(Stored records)

# # #

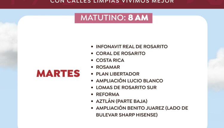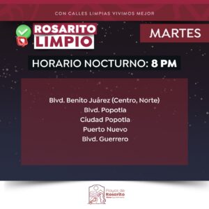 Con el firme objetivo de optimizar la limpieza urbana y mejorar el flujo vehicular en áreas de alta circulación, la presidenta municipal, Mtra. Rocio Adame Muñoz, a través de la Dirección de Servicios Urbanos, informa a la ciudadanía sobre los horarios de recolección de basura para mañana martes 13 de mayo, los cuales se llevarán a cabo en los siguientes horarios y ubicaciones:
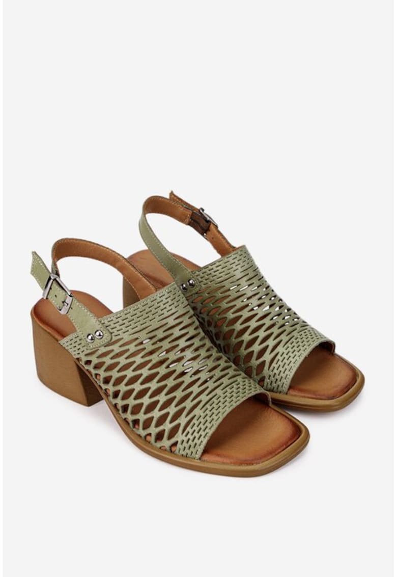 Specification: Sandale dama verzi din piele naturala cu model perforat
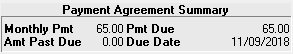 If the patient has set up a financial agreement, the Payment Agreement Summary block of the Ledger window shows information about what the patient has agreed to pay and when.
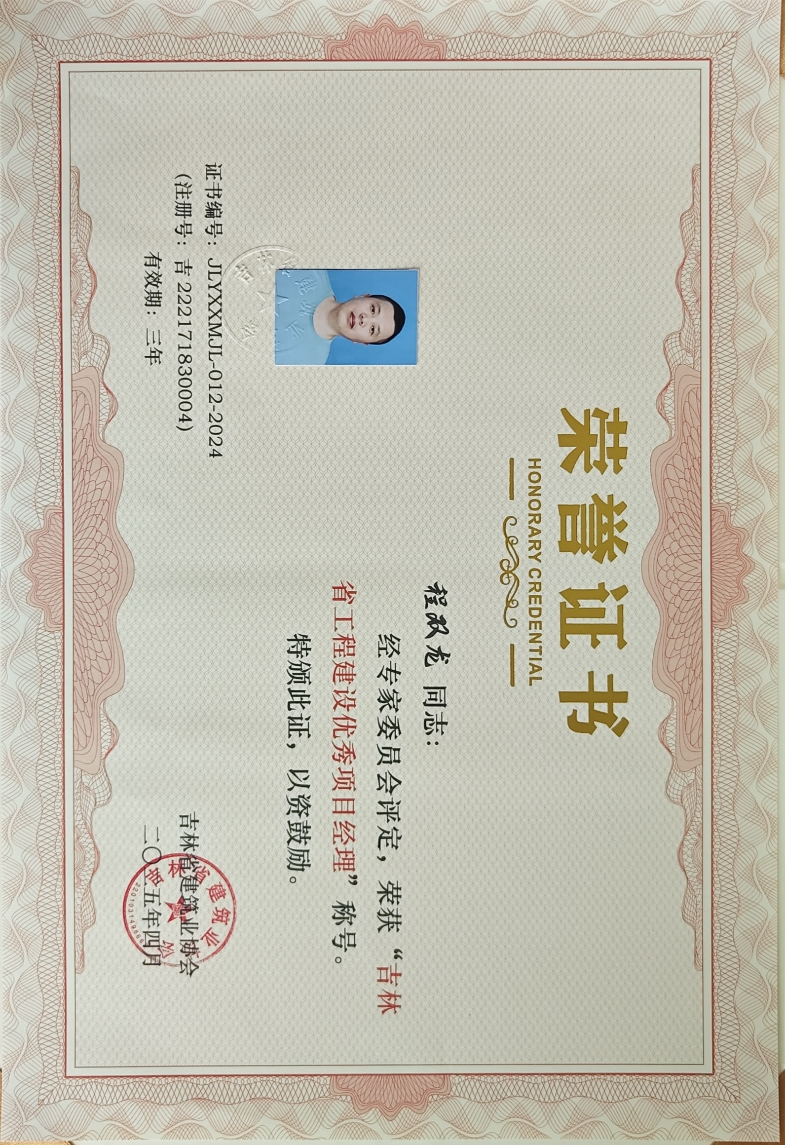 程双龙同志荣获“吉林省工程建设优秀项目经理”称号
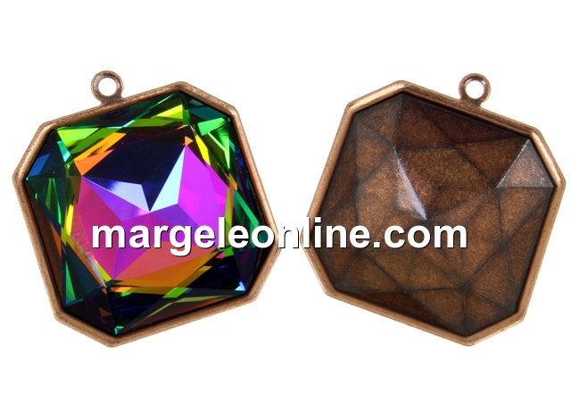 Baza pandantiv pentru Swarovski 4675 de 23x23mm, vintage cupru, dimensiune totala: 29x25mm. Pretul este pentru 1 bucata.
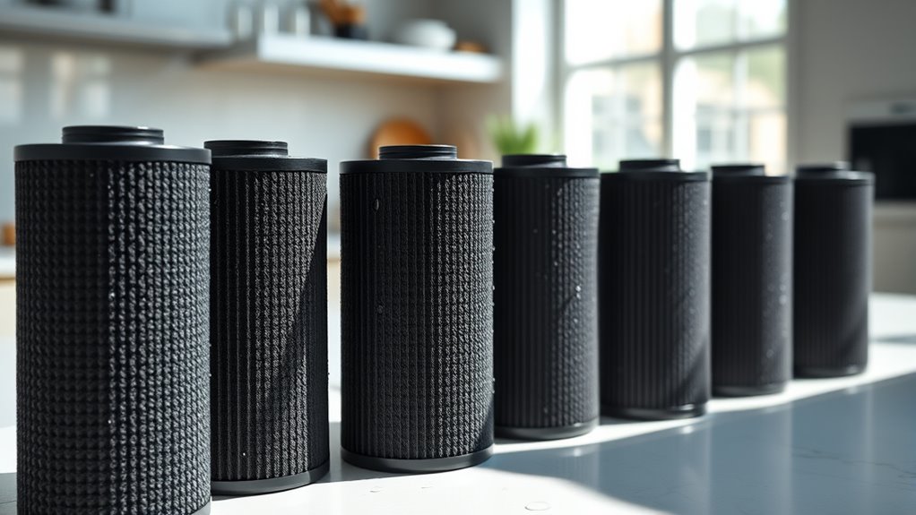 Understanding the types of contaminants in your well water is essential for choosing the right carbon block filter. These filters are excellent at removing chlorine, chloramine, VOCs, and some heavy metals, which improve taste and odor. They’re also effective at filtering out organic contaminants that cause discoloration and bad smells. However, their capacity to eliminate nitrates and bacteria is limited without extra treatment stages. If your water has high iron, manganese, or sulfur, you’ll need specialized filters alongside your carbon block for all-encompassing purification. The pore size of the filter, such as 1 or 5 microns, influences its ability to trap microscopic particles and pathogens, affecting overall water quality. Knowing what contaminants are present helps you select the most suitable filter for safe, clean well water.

# # #

# Exercise
Your answer must be the full set of entries, set down exactly and without pictures.

# Finished task
 Con el firme objetivo de optimizar la limpieza urbana y mejorar el flujo vehicular en áreas de alta circulación, la presidenta municipal, Mtra. Rocio Adame Muñoz, a través de la Dirección de Servicios Urbanos, informa a la ciudadanía sobre los horarios de recolección de basura para mañana martes 13 de mayo, los cuales se llevarán a cabo en los siguientes horarios y ubicaciones:
 Specification: Sandale dama verzi din piele naturala cu model perforat
 If the patient has set up a financial agreement, the Payment Agreement Summary block of the Ledger window shows information about what the patient has agreed to pay and when.
 程双龙同志荣获“吉林省工程建设优秀项目经理”称号
 Baza pandantiv pentru Swarovski 4675 de 23x23mm, vintage cupru, dimensiune totala: 29x25mm. Pretul este pentru 1 bucata.
 Understanding the types of contaminants in your well water is essential for choosing the right carbon block filter. These filters are excellent at removing chlorine, chloramine, VOCs, and some heavy metals, which improve taste and odor. They’re also effective at filtering out organic contaminants that cause discoloration and bad smells. However, their capacity to eliminate nitrates and bacteria is limited without extra treatment stages. If your water has high iron, manganese, or sulfur, you’ll need specialized filters alongside your carbon block for all-encompassing purification. The pore size of the filter, such as 1 or 5 microns, influences its ability to trap microscopic particles and pathogens, affecting overall water quality. Knowing what contaminants are present helps you select the most suitable filter for safe, clean well water.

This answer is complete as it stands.